Now since we're imagining this as happening from the POV of the pilot, but we produced the rotation matrices from our outside point of view, we should pull-back through the rotation matrix, so hir Lorentz frame shifts via:

$$^{(4)} L(\theta_R, \theta_P, \theta_Y, \phi) :=\ ^{(4)} B_z(\phi)\ ^{(4)} R^{-1}_{RPY}(\theta_R, \theta_P, \theta_Y)$$

corresponding to the craft orientation change followed up by the thruster engagement.

Now we could write that out too, but you can kind of get where this will be going given what I gave above for the $^{(4)}R_\mathrm{RPY}$ matrix and ... yeah.

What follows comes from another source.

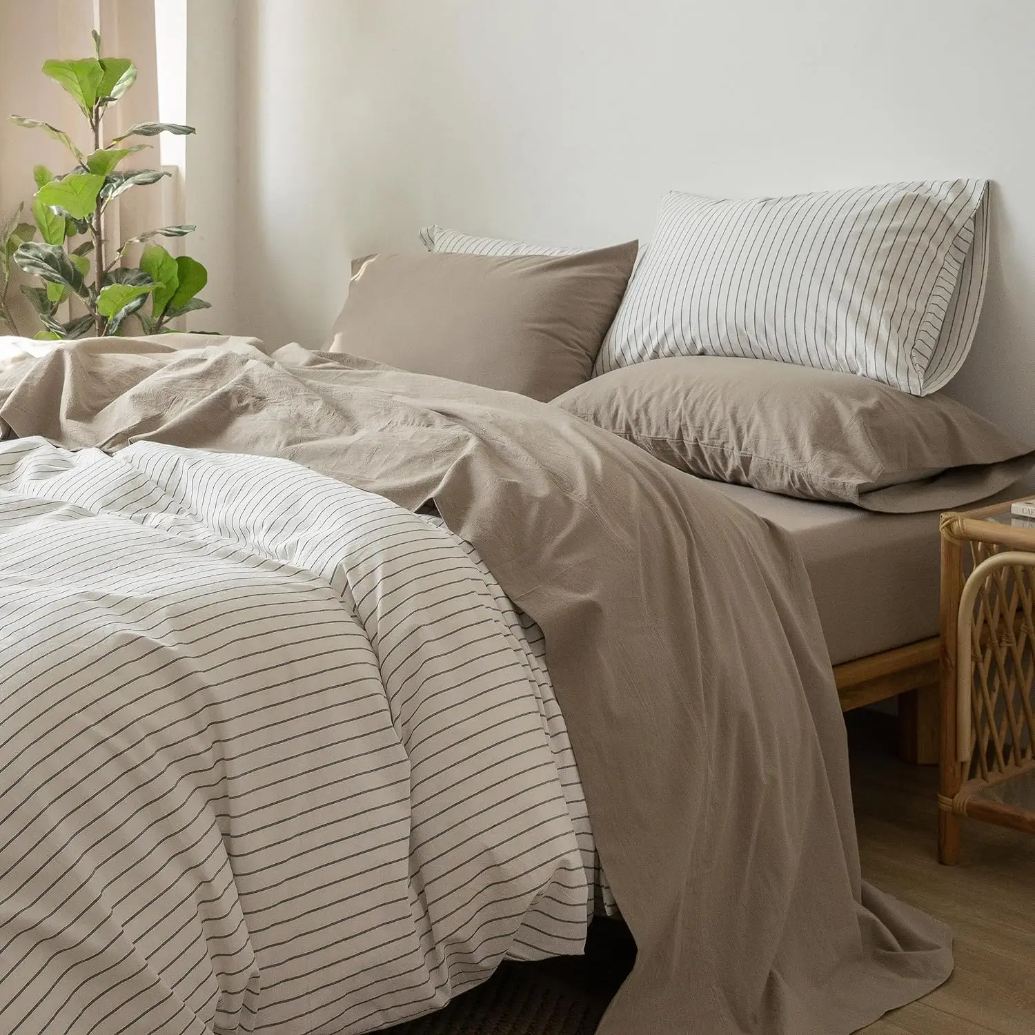 100% Bamboo Fiber Woven Modern Solid Color Bedding Set Super King Size Includes Flat Bed Sheet Fitted Duvet Cover

But yes, then, it is a boost plus a rotation for the proper group - the remainder of the Lorentz group also will involve a further reflection in both space and in time, which gives 4 possible combinations (spatial orientation reversed/not reversed + temporal orientation reversed/not reversed) so 4 more "sheets" of transformations (c.f. Lie group).

---

ADD: As mentioned in the comments, you actually do need the two remaining boost matrices - if Susskind's book suggested you can get away with he $x$-axis (here $z$-axis) boost alone, it was wrong! To continue with the above illustration, imagine that after firing its engines, the ship is "shoved" from either the left or right or top or bottom by some force, thus hitting it with additional rapidities $\phi_x$ and $\phi_y$. We then need

$$^{(4)}B_x(\phi_x) := \begin{bmatrix} \cosh(\phi_x) && \sinh(\phi_x) && 0 && 0 \\ \sinh(\phi_x) && \cosh(\phi_x) && 0 && 0 \\ 0 && 0 && 1 && 0 \\ 0 && 0 && 0 && 1 \end{bmatrix}$$

$$^{(4)}B_y(\phi_y) := \begin{bmatrix} \cosh(\phi_y) && 0 && \sinh(\phi_y) && 0 \\ 0 && 1 && 0 && 0 \\ \sinh(\phi_y) && 0 && \cosh(\phi_y) && 0 \\ 0 && 0 && 0 && 1 \end{bmatrix}$$

and now we have the full Lorentz boost matrix (note that it will differ if you use a different sequence, but I imagine the shove from the left/right coming first followed by that from the top/bottom):

$$^{(4)} B_{xyz}(\phi_x, \phi_y, \phi_z) :=\ ^{(4)} B_y(\phi_y)\ ^{(4)} B_x(\phi_x)\ ^{(4)} B_z(\phi_z)$$

which, again using our computer, is

$$^{(4)} B_{xyz}(\phi_x, \phi_y, \phi_z) = \begin{bmatrix} \cosh(\phi_y) \cosh(\phi_x) \cosh(\phi_z) && \cosh(\phi_y) \sinh(\phi_x) && \sinh(\phi_y) && \cosh(\phi_y) \cosh(\phi_x) \sinh(\phi_z) \\ \sinh(\phi_x) \cosh(\phi_z) && \cosh(\phi_x) && 0 && \sinh(\phi_x) \sinh(\phi_z) \\ \sinh(\phi_y) \cosh(\phi_x) \cosh(\phi_z) && \sinh(\phi_y) \sinh(\phi_x) && \cosh(\phi_y) && \sinh(\phi_y) \cosh(\phi_x) \sinh(\phi_z)\\ \sinh(\phi_z) && 0 && 0 && \cosh(\phi_z)\end{bmatrix}$$

and then the true "full" Lorentz quarter-group is

$$^{(4)} L(\theta_R, \theta_P, \theta_Y, \phi_x, \phi_y, \phi_z) :=\ ^{(4)} B_{xyz}(\phi_x, \phi_y, \phi_z)\ ^{(4)} R^{-1}_{RPY}(\theta_R, \theta_P, \theta_Y)$$

where the pilot first orients, then hits the engines, gets a left kick and then a bottom kick, which is gonna be really awful to write out! But you can do it, and then you'll have almost (up to some reflections) the most general Lorentz group element.